S-Nitrosylation of parkin as a novel regulator of p53-mediated neuronal cell death in sporadic Parkinson's disease

Abstract

Background: Mutations in the gene encoding parkin, a neuroprotective protein with dual functions as an E3 ubiquitin ligase and transcriptional repressor of p53, are linked to familial forms of Parkinson's disease (PD). We hypothesized that oxidative posttranslational modification of parkin by environmental toxins may contribute to sporadic PD.

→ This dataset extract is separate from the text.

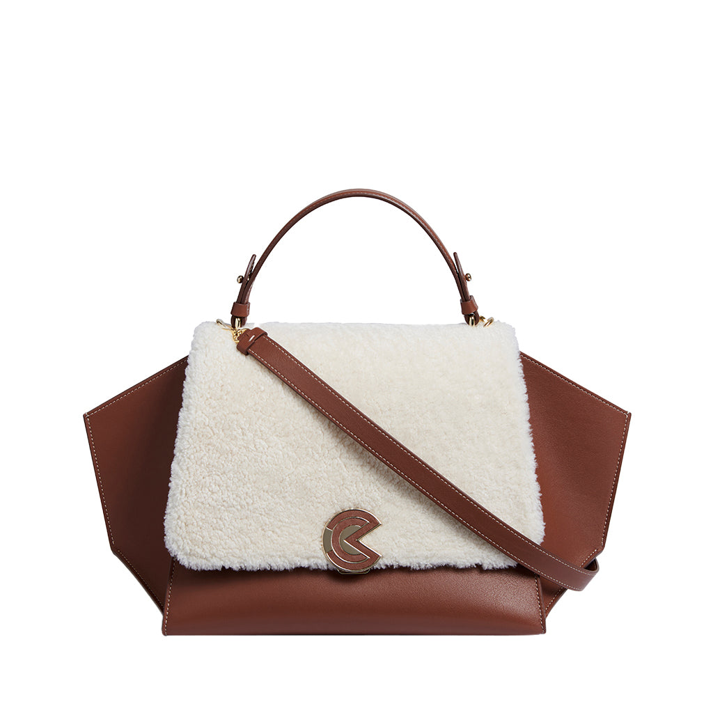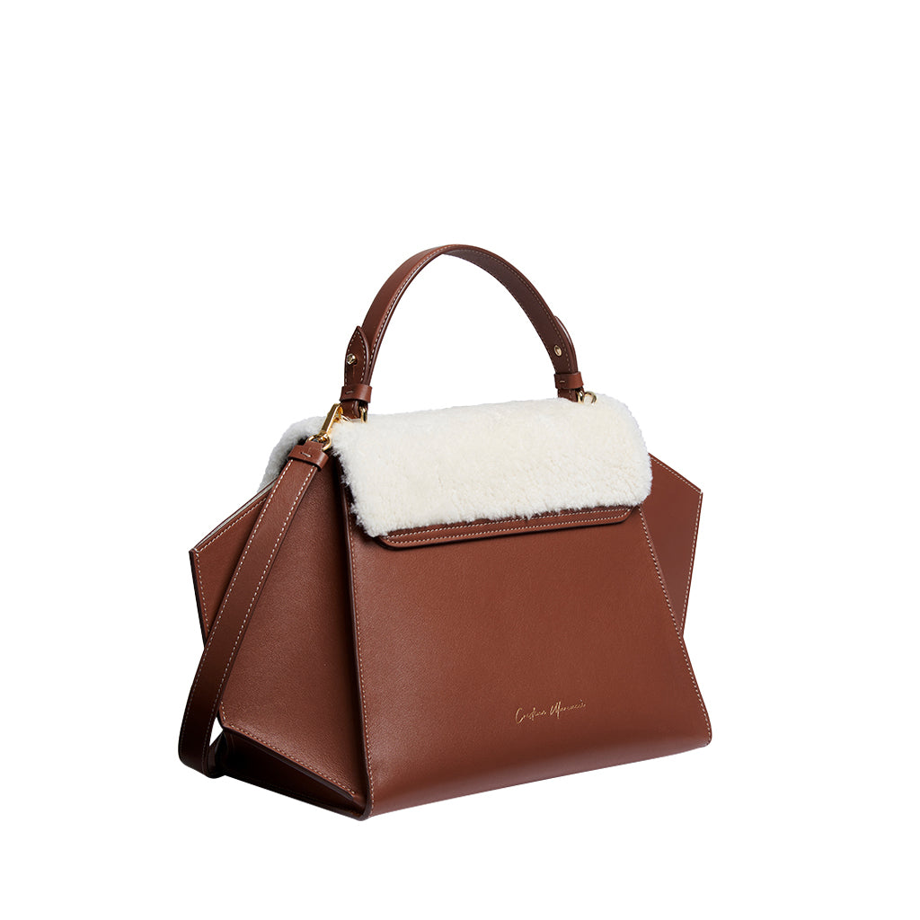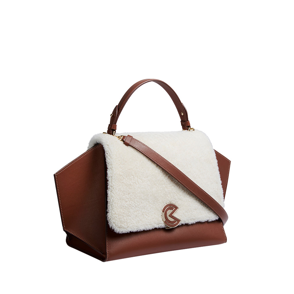 Gemma Mini is a top handle bag made of leather and shearling crafted by Marcucci.

Results: We first demonstrated that S-nitrosylation of parkin decreased its activity as a repressor of p53 gene expression, leading to upregulation of p53. Chromatin immunoprecipitation as well as gel-shift assays showed that parkin bound to the p53 promoter, and this binding was inhibited by S-nitrosylation of parkin. Additionally, nitrosative stress induced apoptosis in cells expressing parkin, and this death was, at least in part, dependent upon p53. In primary mesencephalic cultures, pesticide-induced apoptosis was prevented by inhibition of nitric oxide synthase (NOS). In a mouse model of pesticide-induced PD, both S-nitrosylated (SNO-)parkin and p53 protein levels were increased, while administration of a NOS inhibitor mitigated neuronal death in these mice. Moreover, the levels of SNO-parkin and p53 were simultaneously elevated in postmortem human PD brain compared to controls.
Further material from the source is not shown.